Did you know that many homeschoolers graduate from high school with their Associates degree? Dual Enrollment is a great way for your child to get a head start in their college career as well as save money on their college education.
Benefits of Dual Enrollment
Free College Credits
In many states dual enrollment is free! This means your child can earn college credits at no cost. If they plan on attending a state school after graduation all these credits will transfer, therefore reducing the cost of their college education.
Preparation for College
Dual enrollment is a great way to ease your child into college. Community colleges are usually smaller and more laid back than a university.
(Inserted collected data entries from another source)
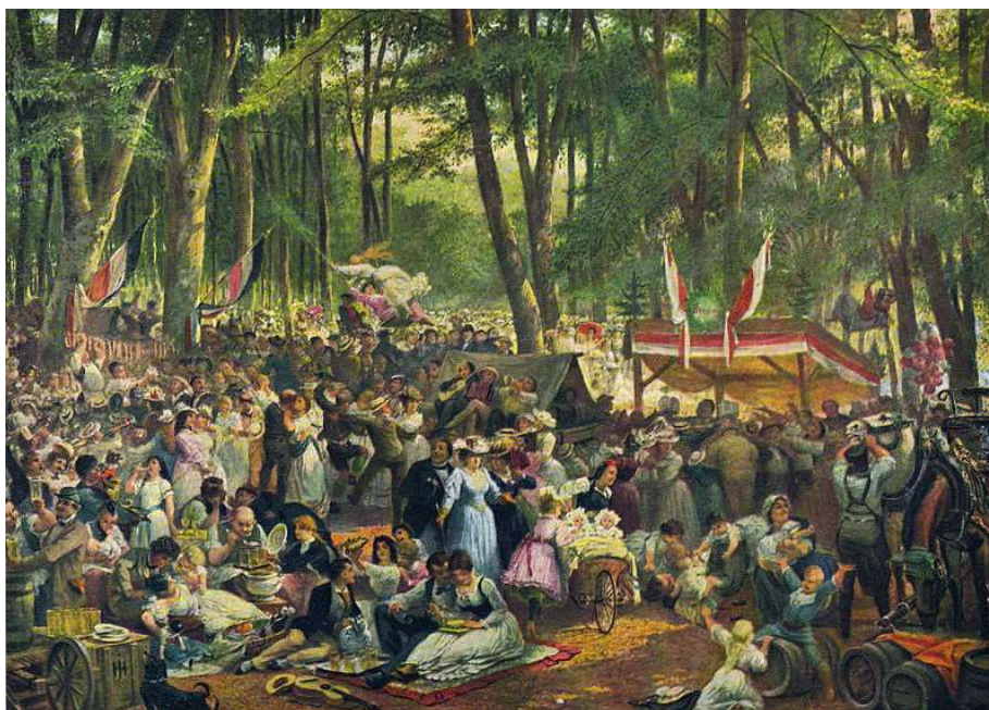
Wäldchestag um 1871 Gemälde J.H. Hasselhorst, Quelle Wikimedia.org, Historisches Museum Frankfurt

Für Kinder vom 6. bis einschl. 11. Lebensjahr bieten wir Schießen mit dem Lichtgewehr an.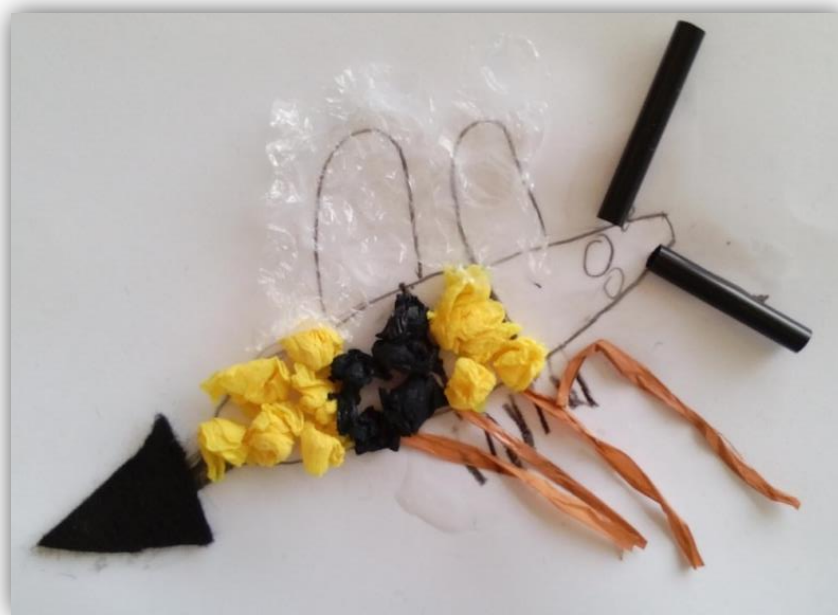
Figura 4.14- Abelha da criança C3 com patas feitas de rafia

“As patas da minha abelha vão parecer verdadeiras.” (C10)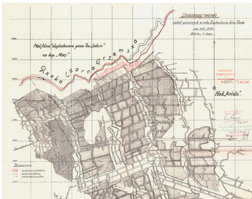
Ryc. 4. Dodatkowy projekt robót górniczych w polu Zachodnim kopalni Flora

W okresie międzywojennym i wojennym zasoby węgla kamiennego pokładów podreddenowskich, na terenie nadań górniczych należących do Towarzystwa, praktycznie wydobyto (Czarnocki, 1920, 1935; Strzeszewski, 1935). W przededniu II wojny światowej działała już tylko należąca do Towarzystwa Kopalń Węgla „Flora” S.A. kopalnia „Jan II”, będąca wcześniej jednym z ruchów kopalni „Flora” (ryc. 4).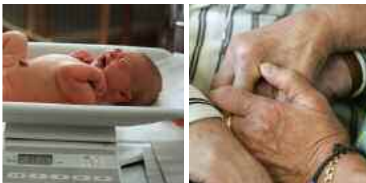
Att mäta och väga ett nyfött barn är lätt – men sedan då?

Sedan år 2000 arbetar Östersunds kommun med välfärdsbokslut. Modellen har utvecklats av Sveriges kommuner och landsting och Statens folkhälsoinstitut tillsammans med ett antal kommuner, bland dem Östersund.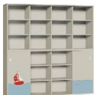
Szafa 4 + Regał 4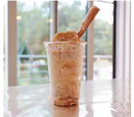
煎りたて黒きなこ氷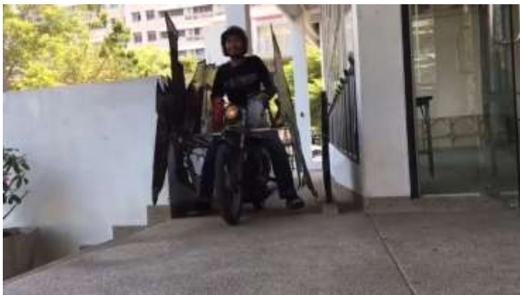
ภาพที่ 18 ภาพทดลองขับเคลื่อน ภาพที่ 2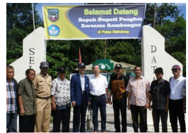
スバトゥン島の歓迎式典へ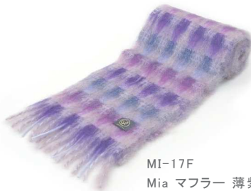
MI-17F Mia マフラー 薄紫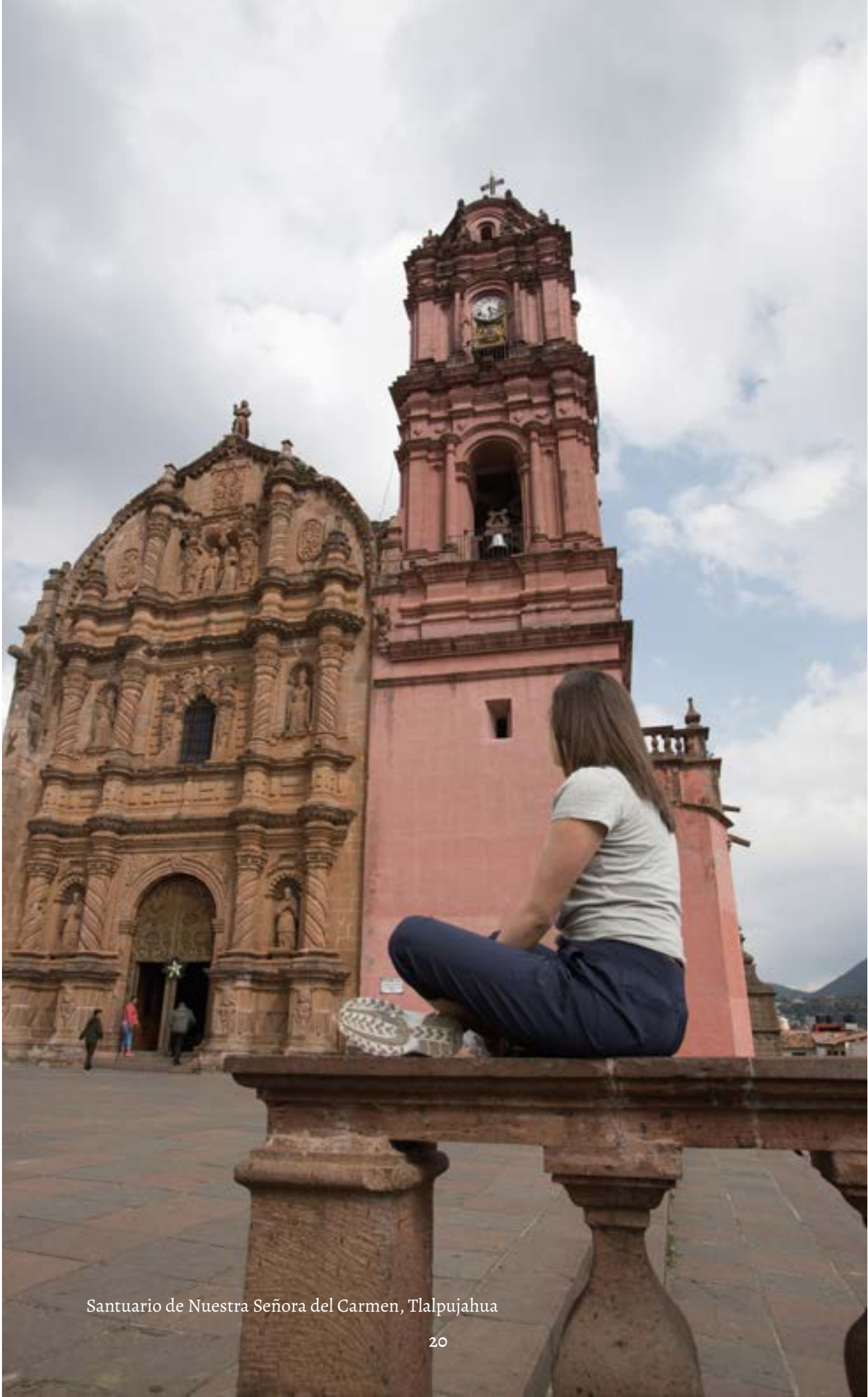
Santuario de Nuestra Señora del Carmen, Talpujahuá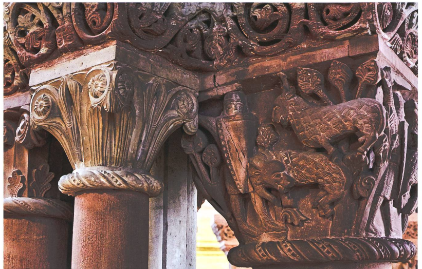
Abb. 5 Riss und Beschädigung am Figurenkapitell des Chorpfeilers (c) sowie seitliches Pflanzenkapitell bestehend aus unterschiedlich kalkhaltigem Stein. Foto Dirk Weiss, 2019

Mit dem Erdbeben 1356 und den daraus resultierenden Zerstörungen – besonders durch das Einstürzen des Chorgewölbes – wurde eine umfassende Sanierung notwendig. Unter Bischof Johannes Senn von Münsingen erfolgte der Neubau der Empore und des Obergadens, und auch in der Ostkrypta sind Sanierungsmaßnahmen zu verzeichnen. In dieser Phase des Wiederaufbaus wurden an verschiedenen Stellen im Münster Bauskulpturen wiederverwendet. Zwei Skulpturen der Evangelistensymbole, die am süd- und nordwestlichen Vierungspfeiler zu sehen sind,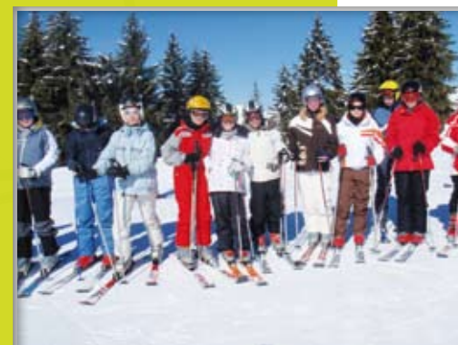
La classe de neige pour tous les élèves de 5 e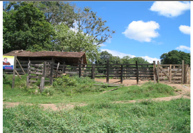
FOTO 74 – Áreas com agricultura de subsistência (feijão) / ponto 158. UTM 683.002 mE X 7.260.185 mN.

FOTO 73 Foto 71 – Curral / ponto 158. UTM 683.002 mE X 7.260.185 mN.

Your child can “try out” college before leaving home.
Relieves Teaching Responsibilities
If you don’t think you are cut out for teaching high school, dual enrollment classes can do it for you. Most colleges accept students at age 15 or 16 depending on their test scores. If teaching high school scares you, dual enrollment can help.
Preparing for Dual Enrollment
Raise an Independent Learner
If you think your child will be taking college classes in high school, start preparing them in the eighth grade. Let them take ownership of their education and see if they are up to the challenge. A child who needs constant daily prodding to finish their work in the tenth grade probably isn’t ready for college classes.
Let them Drive
For the first two months of dual enrollment I drove my daughter to college and back twice a week. If you don’t want to spend your school day in the car, make sure your child has their driver’s license before they start classes. This will free you up to teach your younger children.
Prep for Tests
Most colleges require ACT/ SAT or college placement scores from homeschoolers in order to sign up for classes. Make sure your child is prepared for the standardized tests well in advance. The college placement test is free and is administered by the college.
Dual Enrollment isn’t for Everyone
Not every child is cut out for dual enrollment. If you aren’t comfortable with your child sitting in a classroom with thirty people they don’t know, ages 17-50 then consider online classes or waiting until your child is older.